### What to produce
Your copy should hold exactly the lines from the beginning of the listing below through the line with "Ein liebevoller Untersetzer", without any pictures.

### Dataset extract
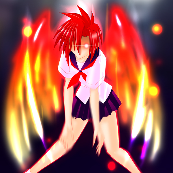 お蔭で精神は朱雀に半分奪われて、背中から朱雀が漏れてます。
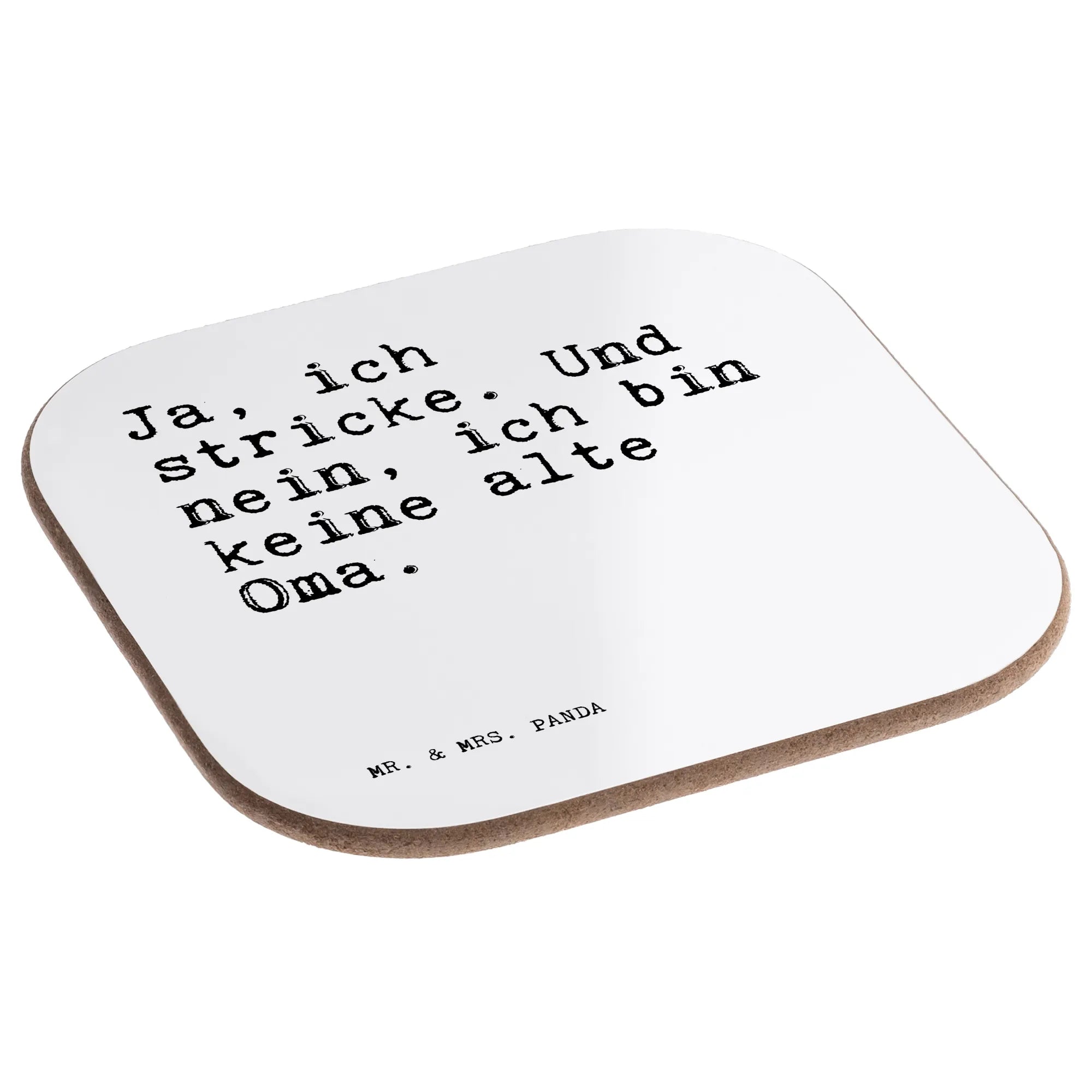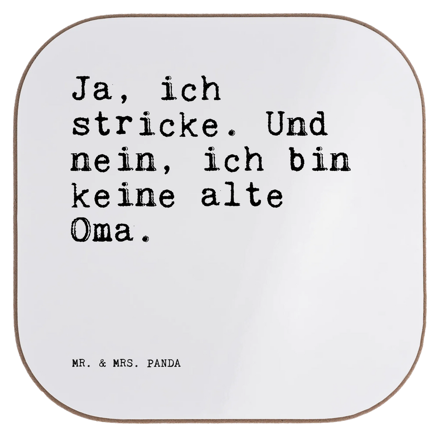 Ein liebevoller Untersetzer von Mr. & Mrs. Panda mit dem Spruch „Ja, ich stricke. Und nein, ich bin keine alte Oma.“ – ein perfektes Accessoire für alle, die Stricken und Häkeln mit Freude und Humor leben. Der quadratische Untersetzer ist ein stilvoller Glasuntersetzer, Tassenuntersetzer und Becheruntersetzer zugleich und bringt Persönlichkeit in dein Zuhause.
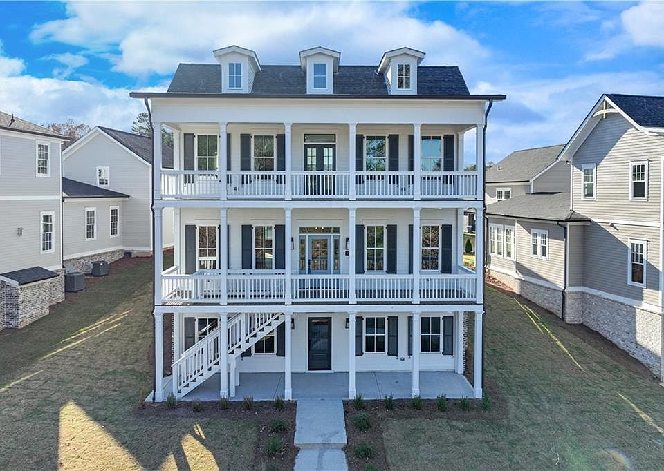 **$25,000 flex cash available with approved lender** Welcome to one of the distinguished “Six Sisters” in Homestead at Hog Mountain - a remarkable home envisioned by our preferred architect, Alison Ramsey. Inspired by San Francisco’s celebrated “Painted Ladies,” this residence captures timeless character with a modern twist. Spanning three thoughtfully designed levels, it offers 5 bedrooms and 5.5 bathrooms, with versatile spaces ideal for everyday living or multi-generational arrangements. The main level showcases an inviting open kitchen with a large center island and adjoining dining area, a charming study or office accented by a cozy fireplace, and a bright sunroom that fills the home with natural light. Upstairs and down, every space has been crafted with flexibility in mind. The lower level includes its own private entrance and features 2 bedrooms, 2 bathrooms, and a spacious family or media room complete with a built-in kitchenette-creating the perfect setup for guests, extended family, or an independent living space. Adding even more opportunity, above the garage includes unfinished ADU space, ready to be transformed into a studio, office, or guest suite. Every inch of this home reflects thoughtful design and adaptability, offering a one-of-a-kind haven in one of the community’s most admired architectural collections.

### Answer below
 お蔭で精神は朱雀に半分奪われて、背中から朱雀が漏れてます。
 Ein liebevoller Untersetzer von Mr. & Mrs. Panda mit dem Spruch „Ja, ich stricke. Und nein, ich bin keine alte Oma.“ – ein perfektes Accessoire für alle, die Stricken und Häkeln mit Freude und Humor leben. Der quadratische Untersetzer ist ein stilvoller Glasuntersetzer, Tassenuntersetzer und Becheruntersetzer zugleich und bringt Persönlichkeit in dein Zuhause.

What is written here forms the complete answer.